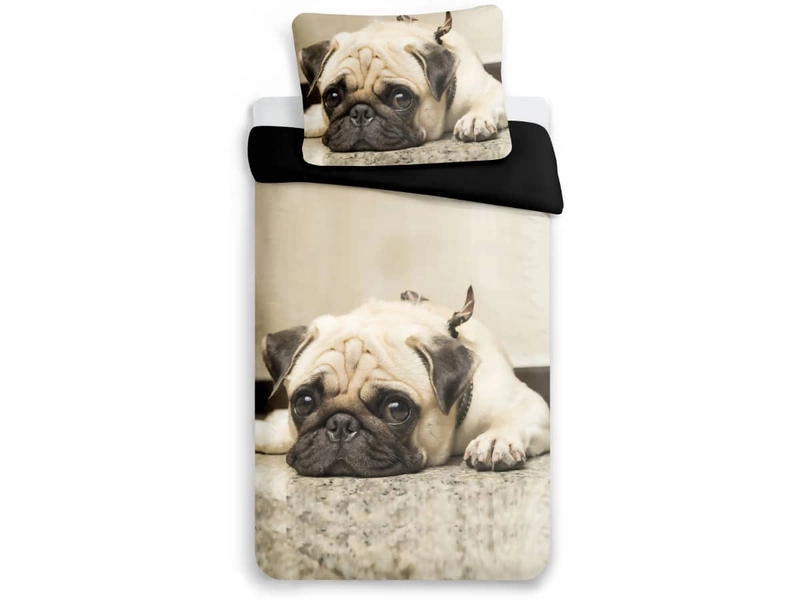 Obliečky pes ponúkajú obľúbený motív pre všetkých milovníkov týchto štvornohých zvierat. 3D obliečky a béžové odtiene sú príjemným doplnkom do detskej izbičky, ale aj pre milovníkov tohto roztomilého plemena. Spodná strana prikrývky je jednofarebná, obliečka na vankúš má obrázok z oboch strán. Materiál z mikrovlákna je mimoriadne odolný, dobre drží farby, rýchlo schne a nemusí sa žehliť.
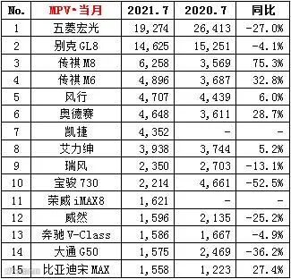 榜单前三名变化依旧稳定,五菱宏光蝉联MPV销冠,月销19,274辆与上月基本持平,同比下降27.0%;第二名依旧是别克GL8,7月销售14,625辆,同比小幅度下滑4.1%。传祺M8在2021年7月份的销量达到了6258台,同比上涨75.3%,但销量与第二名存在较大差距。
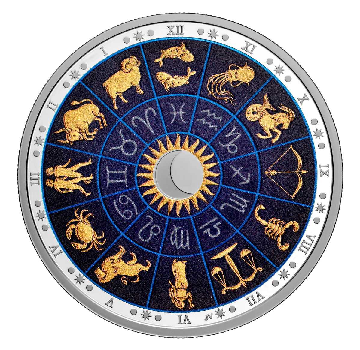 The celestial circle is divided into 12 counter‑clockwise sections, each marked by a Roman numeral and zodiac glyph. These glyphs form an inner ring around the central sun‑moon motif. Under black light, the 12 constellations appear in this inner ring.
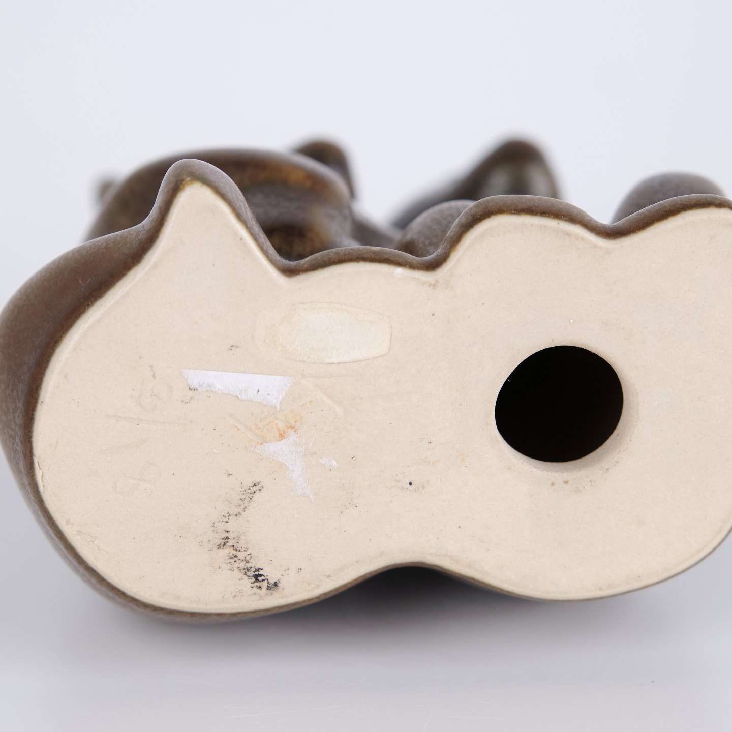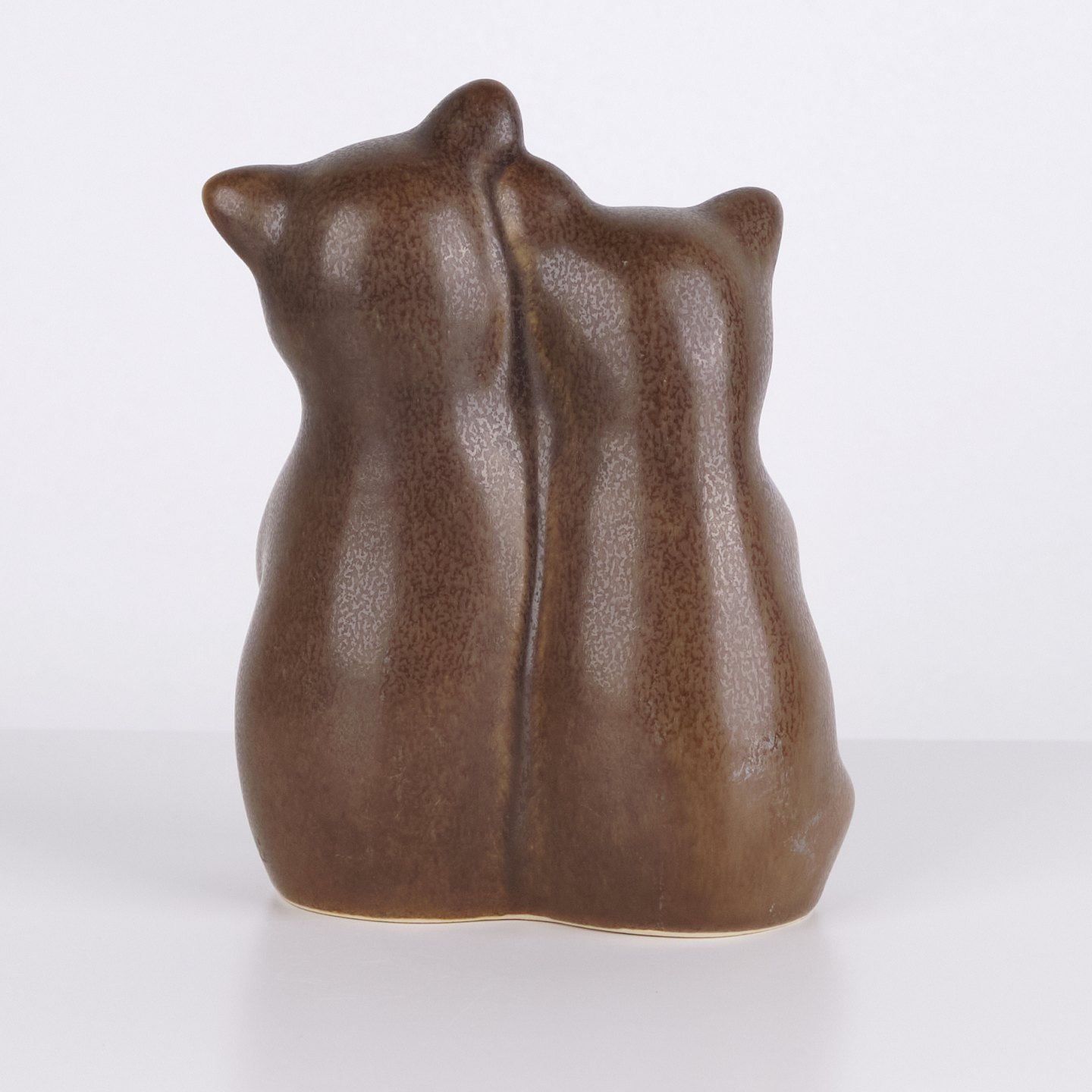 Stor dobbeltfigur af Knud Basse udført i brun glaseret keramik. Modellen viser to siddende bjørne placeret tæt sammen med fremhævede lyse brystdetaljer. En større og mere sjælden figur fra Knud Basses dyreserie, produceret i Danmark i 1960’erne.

[Exercise aim]: Any picture in the listing is to be omitted. Return exactly the lines from the one containing "榜单前三名变化依旧稳定,五菱" through its last line, both included, and only those.

[Result for this task]:
 榜单前三名变化依旧稳定,五菱宏光蝉联MPV销冠,月销19,274辆与上月基本持平,同比下降27.0%;第二名依旧是别克GL8,7月销售14,625辆,同比小幅度下滑4.1%。传祺M8在2021年7月份的销量达到了6258台,同比上涨75.3%,但销量与第二名存在较大差距。
 The celestial circle is divided into 12 counter‑clockwise sections, each marked by a Roman numeral and zodiac glyph. These glyphs form an inner ring around the central sun‑moon motif. Under black light, the 12 constellations appear in this inner ring.
 Stor dobbeltfigur af Knud Basse udført i brun glaseret keramik. Modellen viser to siddende bjørne placeret tæt sammen med fremhævede lyse brystdetaljer. En større og mere sjælden figur fra Knud Basses dyreserie, produceret i Danmark i 1960’erne.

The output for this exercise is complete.